Config.json is not saving after finetuning Llama 2

After finetuning, i’m not able to save a config.json file using trainer.model.save_pretrained

My pip install:

!pip install torch datasets
!pip install -q accelerate==0.21.0 peft==0.4.0 bitsandbytes==0.40.2 transformers==4.31.0 trl==0.4.7

Model code:

model_name='meta-llama/Llama-2-7b-chat-hf'

model_config = transformers.AutoConfig.from_pretrained(
    model_name,
)

tokenizer = AutoTokenizer.from_pretrained(model_name, trust_remote_code=True)
tokenizer.pad_token = tokenizer.eos_token
tokenizer.padding_side = "right"


bnb_config = BitsAndBytesConfig(
    load_in_4bit=True,
    bnb_4bit_quant_type='nf4',
    bnb_4bit_compute_dtype=getattr(torch,"float16"),
    bnb_4bit_use_double_quant=False,
)

model = AutoModelForCausalLM.from_pretrained(
   model_name,
    quantization_config=bnb_config,
)

huggingface_dataset_name = "mlabonne/guanaco-llama2-1k"

#dataset = load_dataset(huggingface_dataset_name, "pqa_labeled", split = "train")

dataset = load_dataset(huggingface_dataset_name, split="train")

# LoRA attention dimension
lora_r = 64

# Alpha parameter for LoRA scaling
lora_alpha = 16

# Dropout probability for LoRA layers
lora_dropout = 0.1

# Load LoRA configuration
peft_config = LoraConfig(
    lora_alpha=lora_alpha,
    lora_dropout=lora_dropout,
    r=lora_r,
    bias="none",
    task_type="CAUSAL_LM",
)

training_arguments = TrainingArguments(
    output_dir="random_weights",
    fp16=True,
    learning_rate=1e-5,
    num_train_epochs=5,
    weight_decay=0.01,
    logging_steps=1,
    max_steps=1)

trainer = SFTTrainer(
    model=model,
    train_dataset=dataset,
    peft_config=peft_config,
    dataset_text_field="text",
    max_seq_length=None,
    tokenizer=tokenizer,
    args=training_arguments
)

# Train model
trainer.train()

trainer.model.save_pretrained("finetuned_llama")

Now, when I go to load the model it complaing about not having a config.json.
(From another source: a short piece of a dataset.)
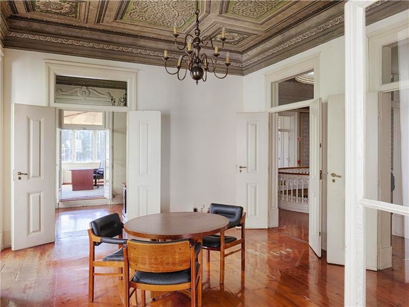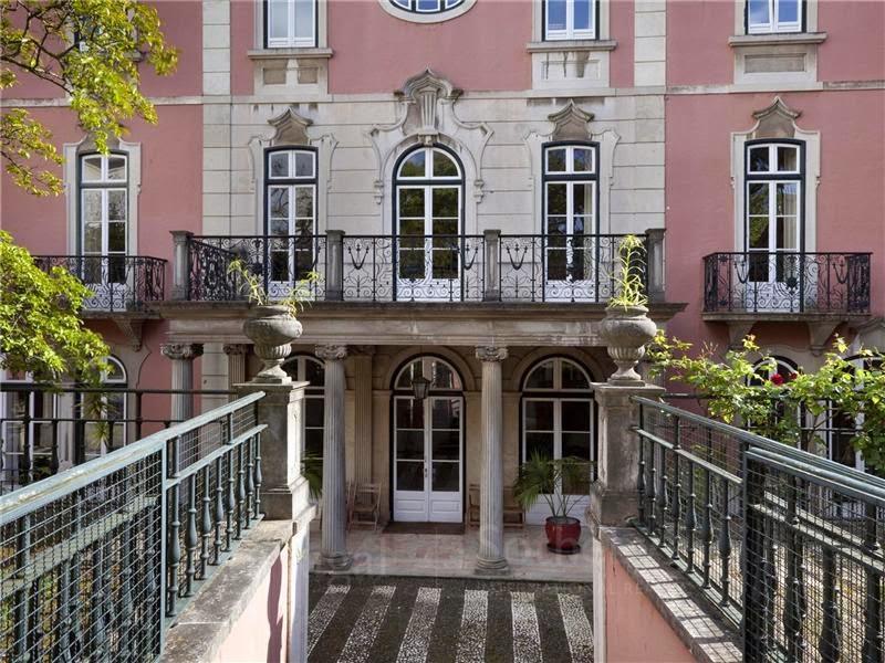 Ora então esta humilde moradiazinha fica junto à Avenida da Liberdade e tem 20 quartos. Era capaz de ser muito para nós mas, por outro lado, podíamos sempre pôr a família toda a viver junta, em alas, e ia ser uma animação. Ou então, podíamos fazer daqui um hotel de charme, pequenino e maravilhoso, onde também vivêssemos, felizes e contentes. Tem um magnífico jardim, pavilhão de caça, casa de caseiros e até canil (ui, Mojito, para onde tu ias direitinho que nem um fuso - deve ser um canil com azulejos do Séc.XVIII, chique a valer).

I’ve also tried explicitly saving the config using trainer.model.config.save_pretrained but I had no luck.

I might be missing something obvious. Any ideas on what might be going wrong?

2 Likes

Did you fix that?

I think it is because you are using LoRA which trains an adapter model. Try calling model.merge_and_unload() to merge the adapter model with your base model before saving.